Good partitioning requires knowledge of the software structure. A good
testing plan will not only contain black-box testing, but also white-box
approaches, and combinations of the two.
Contrary to black-box testing, software is viewed as a white-box, or
glass-box in white-box testing, as the structure and flow of the software under
test are visible to the tester. Testing plans are made according to the details
of the software implementation, such as programming language, logic, and styles.

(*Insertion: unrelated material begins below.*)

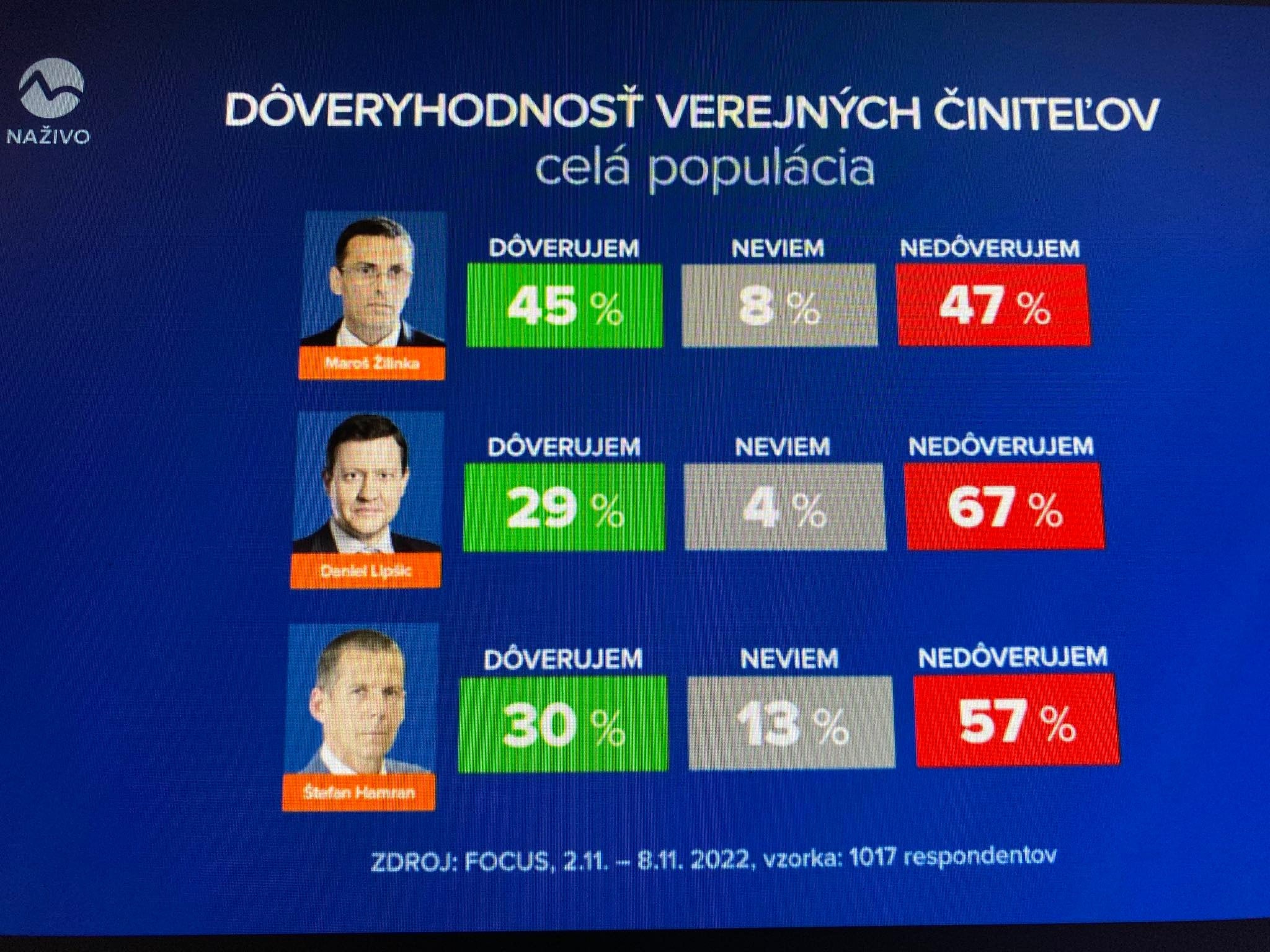 Ako z prieskumu vychádza, Marošovi Žilinkovi dôveruje 45 % ľudí, Danielovi Lipšicovi 29 % a Štefanovi Hamranovi 30 % z opýtaných.

Test cases are derived from the program structure. White-box testing is also
called glass-box testing, logic-driven testing
or design-based testing
.
There are many techniques available in white-box testing, because the problem
of intractability is eased by specific knowledge and attention on the structure
of the software under test. The intention of exhausting some aspect of the
software is still strong in white-box testing, and some degree of exhaustion can
be achieved, such as executing each line of code at least once (statement
coverage), traverse every branch statements (branch coverage), or cover all the
possible combinations of true and false condition predicates (Multiple condition
coverage).
Control-flow testing, loop testing, and data-flow testing, all maps the
corresponding flow structure of the software into a directed graph. Test cases
are carefully selected based on the criterion that all the nodes or paths are
covered or traversed at least once. By doing so we may discover unnecessary
"dead" code -- code that is of no use, or never get executed at all, which can
not be discovered by functional testing.
In mutation testing, the original program code is perturbed and many mutated
programs are created, each contains one fault. Each faulty version of the
program is called a mutant. Test data are selected based on the effectiveness of
failing the mutants. The more mutants a test case can kill, the better the test
case is considered. The problem with mutation testing is that it is too
computationally expensive to use. The boundary between black-box approach and
white-box approach is not clear-cut. Many testing strategies mentioned above,
may not be safely classified into black-box testing or white-box testing. It is
also true for transaction-flow testing, syntax testing, finite-state testing,
and many other testing strategies not discussed in this text. One reason is that
all the above techniques will need some knowledge of the specification of the
software under test. Another reason is that the idea of specification itself is
broad -- it may contain any requirement including the structure, programming
language, and programming style as part of the specification content.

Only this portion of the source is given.